Skip to content

Workflow Pipelines

Table of Contents


FlowProducer

FlowProducer lets you atomically enqueue a tree of parent and child jobs. A parent job only becomes runnable once all of its children have successfully completed; failed or dead-lettered children do not unblock the parent.

typescript
import { FlowProducer } from 'glide-mq';

const flow = new FlowProducer({ connection });

const { job: parent } = await flow.add({
  name: 'aggregate',
  queueName: 'reports',
  data: { month: '2025-01' },
  children: [
    { name: 'fetch-sales',    queueName: 'data', data: { region: 'eu' } },
    { name: 'fetch-returns',  queueName: 'data', data: { region: 'eu' } },
    {
      name: 'fetch-inventory',
      queueName: 'data',
      data: {},
      // Nested: child can itself have children
      children: [
        { name: 'load-warehouse-a', queueName: 'data', data: {} },
        { name: 'load-warehouse-b', queueName: 'data', data: {} },
      ],
    },
  ],
});

console.log('Parent job ID:', parent.id);

await flow.close();

Bulk flows

typescript
const nodes = await flow.addBulk([
  {
    name: 'report-jan', queueName: 'reports', data: {},
    children: [{ name: 'data-jan', queueName: 'data', data: {} }],
  },
  {
    name: 'report-feb', queueName: 'reports', data: {},
    children: [{ name: 'data-feb', queueName: 'data', data: {} }],
  },
]);

Reading Child Results

In the parent processor, call job.getChildrenValues() to retrieve the return values of all direct children.
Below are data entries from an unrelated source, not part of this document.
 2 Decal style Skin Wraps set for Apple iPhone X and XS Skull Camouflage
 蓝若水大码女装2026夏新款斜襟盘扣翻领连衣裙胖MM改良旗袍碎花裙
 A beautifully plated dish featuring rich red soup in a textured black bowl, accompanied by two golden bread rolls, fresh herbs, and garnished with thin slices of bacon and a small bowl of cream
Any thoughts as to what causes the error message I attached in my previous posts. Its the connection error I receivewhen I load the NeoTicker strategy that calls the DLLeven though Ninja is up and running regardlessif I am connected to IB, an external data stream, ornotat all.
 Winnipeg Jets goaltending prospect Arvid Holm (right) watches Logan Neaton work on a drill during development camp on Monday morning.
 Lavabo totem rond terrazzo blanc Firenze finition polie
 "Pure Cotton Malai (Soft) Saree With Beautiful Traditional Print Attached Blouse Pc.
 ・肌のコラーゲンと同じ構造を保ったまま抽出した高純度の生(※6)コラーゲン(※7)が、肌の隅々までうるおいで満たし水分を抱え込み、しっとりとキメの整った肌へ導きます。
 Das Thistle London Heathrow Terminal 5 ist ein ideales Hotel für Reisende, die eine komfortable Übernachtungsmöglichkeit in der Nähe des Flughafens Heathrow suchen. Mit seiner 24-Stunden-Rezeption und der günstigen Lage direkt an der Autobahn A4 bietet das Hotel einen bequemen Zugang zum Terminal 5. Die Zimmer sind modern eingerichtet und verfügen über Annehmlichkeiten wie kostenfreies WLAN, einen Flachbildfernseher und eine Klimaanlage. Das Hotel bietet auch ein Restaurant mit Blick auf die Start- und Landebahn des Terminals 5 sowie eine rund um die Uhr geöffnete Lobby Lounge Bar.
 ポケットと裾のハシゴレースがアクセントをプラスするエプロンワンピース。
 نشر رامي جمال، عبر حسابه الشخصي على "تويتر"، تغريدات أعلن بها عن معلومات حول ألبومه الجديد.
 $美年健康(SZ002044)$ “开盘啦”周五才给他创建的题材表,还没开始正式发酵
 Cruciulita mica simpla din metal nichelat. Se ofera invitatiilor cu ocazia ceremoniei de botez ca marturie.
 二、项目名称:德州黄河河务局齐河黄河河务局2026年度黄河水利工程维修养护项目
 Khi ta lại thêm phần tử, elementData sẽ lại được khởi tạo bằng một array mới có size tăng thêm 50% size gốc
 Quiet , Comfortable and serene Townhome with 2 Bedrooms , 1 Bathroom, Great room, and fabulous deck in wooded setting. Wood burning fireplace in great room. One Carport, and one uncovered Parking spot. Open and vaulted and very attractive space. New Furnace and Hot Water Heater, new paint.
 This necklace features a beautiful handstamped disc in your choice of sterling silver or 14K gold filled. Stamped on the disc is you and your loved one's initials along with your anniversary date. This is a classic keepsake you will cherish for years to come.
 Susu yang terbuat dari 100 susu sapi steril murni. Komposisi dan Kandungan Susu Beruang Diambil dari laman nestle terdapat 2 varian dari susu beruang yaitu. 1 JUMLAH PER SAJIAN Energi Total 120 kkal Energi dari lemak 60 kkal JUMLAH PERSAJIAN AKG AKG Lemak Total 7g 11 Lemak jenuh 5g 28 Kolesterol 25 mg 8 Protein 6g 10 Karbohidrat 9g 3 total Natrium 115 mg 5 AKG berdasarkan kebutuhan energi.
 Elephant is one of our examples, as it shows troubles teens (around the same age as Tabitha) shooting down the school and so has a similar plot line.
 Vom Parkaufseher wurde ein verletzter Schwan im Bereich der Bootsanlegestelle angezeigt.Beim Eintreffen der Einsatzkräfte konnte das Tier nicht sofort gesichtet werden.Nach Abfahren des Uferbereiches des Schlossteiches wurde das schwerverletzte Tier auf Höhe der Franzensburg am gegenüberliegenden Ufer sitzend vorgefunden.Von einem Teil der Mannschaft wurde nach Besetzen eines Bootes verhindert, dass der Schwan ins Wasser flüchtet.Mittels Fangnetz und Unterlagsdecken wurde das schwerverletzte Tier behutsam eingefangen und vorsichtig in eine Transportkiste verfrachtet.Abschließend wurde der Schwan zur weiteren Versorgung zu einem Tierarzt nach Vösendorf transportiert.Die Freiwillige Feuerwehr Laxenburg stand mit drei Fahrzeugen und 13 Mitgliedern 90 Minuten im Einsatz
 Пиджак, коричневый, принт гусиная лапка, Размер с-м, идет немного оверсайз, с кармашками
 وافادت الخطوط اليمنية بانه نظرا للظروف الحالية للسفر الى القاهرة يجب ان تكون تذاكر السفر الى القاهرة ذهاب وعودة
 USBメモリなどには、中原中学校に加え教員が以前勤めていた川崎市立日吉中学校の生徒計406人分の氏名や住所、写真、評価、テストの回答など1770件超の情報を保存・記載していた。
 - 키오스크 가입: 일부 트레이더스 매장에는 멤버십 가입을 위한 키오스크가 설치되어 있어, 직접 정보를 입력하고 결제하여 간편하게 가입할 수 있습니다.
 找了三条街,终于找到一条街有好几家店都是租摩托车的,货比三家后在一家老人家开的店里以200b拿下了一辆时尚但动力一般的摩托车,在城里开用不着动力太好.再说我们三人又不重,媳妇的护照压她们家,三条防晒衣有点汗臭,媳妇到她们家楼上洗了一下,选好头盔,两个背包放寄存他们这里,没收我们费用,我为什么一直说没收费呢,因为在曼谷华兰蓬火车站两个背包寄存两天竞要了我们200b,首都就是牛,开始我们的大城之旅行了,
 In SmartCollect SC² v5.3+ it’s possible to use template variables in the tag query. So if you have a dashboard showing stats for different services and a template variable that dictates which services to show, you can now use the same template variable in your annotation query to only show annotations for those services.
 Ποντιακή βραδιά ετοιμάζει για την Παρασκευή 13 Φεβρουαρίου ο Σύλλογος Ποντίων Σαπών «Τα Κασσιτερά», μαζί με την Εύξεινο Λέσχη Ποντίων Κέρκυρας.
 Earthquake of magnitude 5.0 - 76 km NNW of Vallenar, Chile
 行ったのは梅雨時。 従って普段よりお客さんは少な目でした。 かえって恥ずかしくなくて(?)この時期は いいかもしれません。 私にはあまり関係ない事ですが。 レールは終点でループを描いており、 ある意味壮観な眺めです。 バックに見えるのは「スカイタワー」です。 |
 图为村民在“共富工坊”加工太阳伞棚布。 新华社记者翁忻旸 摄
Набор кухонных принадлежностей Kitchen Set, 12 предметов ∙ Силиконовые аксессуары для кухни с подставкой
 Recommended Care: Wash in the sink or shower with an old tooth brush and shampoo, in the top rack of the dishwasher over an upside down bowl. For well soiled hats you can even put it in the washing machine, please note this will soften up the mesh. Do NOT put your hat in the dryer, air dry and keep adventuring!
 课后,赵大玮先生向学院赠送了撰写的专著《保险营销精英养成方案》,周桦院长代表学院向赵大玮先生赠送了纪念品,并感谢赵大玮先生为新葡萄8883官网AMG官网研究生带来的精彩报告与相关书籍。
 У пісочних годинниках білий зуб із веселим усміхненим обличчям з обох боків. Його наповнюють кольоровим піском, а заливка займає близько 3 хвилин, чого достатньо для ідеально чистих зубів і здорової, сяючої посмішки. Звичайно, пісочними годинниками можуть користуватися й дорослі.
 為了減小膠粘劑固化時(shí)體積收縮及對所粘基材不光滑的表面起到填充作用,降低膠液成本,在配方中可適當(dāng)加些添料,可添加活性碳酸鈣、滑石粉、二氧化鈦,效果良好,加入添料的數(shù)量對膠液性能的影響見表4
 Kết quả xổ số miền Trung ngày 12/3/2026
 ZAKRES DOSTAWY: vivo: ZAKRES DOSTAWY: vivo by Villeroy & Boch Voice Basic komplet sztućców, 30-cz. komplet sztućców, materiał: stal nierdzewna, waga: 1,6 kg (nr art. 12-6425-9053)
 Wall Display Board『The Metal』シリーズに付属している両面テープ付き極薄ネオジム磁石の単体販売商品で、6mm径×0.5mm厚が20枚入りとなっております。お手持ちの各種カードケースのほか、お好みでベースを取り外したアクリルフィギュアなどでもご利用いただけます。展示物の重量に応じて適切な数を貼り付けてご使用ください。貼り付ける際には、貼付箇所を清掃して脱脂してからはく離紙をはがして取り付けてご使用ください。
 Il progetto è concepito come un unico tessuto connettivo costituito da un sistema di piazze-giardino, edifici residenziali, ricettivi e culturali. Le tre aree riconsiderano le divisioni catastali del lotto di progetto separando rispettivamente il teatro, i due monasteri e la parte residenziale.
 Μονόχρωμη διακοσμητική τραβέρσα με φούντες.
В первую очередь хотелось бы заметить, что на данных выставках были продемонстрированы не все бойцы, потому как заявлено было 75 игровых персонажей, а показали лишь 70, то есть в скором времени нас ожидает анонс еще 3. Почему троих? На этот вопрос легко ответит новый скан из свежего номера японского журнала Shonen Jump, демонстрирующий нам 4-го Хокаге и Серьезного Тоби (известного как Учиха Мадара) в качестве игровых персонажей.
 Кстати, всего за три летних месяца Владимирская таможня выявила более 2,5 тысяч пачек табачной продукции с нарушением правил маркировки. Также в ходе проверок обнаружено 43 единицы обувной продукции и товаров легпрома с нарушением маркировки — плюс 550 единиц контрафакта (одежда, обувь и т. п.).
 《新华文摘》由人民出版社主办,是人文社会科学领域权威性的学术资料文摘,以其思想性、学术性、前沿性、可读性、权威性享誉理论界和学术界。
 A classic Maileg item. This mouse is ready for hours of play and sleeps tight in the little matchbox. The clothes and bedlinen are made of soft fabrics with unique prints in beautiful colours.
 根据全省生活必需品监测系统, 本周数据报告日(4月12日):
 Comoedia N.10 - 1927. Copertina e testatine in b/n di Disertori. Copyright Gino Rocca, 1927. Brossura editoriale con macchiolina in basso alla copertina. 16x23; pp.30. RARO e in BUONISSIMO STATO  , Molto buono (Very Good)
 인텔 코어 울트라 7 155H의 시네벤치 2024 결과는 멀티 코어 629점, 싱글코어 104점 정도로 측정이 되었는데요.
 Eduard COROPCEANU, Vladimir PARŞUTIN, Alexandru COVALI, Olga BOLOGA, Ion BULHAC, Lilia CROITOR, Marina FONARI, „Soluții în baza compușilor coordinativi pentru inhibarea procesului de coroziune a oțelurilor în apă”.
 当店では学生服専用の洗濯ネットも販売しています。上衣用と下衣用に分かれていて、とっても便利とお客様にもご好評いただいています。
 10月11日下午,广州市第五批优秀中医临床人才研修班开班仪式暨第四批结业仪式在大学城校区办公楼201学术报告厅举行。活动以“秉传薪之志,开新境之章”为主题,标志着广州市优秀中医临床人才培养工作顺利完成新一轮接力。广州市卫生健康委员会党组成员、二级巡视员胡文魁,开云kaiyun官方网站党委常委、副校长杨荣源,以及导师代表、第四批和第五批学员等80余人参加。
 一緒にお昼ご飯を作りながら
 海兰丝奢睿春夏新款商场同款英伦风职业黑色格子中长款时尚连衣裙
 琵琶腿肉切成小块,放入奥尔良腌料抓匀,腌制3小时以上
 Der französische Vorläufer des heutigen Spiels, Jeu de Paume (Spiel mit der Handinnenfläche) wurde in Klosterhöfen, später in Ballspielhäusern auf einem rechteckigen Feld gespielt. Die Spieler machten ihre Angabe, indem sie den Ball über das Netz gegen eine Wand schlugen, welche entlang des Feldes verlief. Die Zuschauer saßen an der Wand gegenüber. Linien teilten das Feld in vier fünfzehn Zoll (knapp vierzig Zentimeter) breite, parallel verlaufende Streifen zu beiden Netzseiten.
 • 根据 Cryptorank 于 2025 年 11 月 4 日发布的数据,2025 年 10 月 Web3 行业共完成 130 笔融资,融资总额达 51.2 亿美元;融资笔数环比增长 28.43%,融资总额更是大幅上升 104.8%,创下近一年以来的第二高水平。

The keys are internal dependency identifiers (implementation detail - prefer Object.values() when you only need the results).

typescript
const worker = new Worker('reports', async (job) => {
  // Runs only after all children have completed
  const childValues = await job.getChildrenValues();
  // Keys are opaque internal identifiers; use Object.values() for the results:
  const results = Object.values(childValues);
  // [ { sales: 42000 }, { returns: 300 } ]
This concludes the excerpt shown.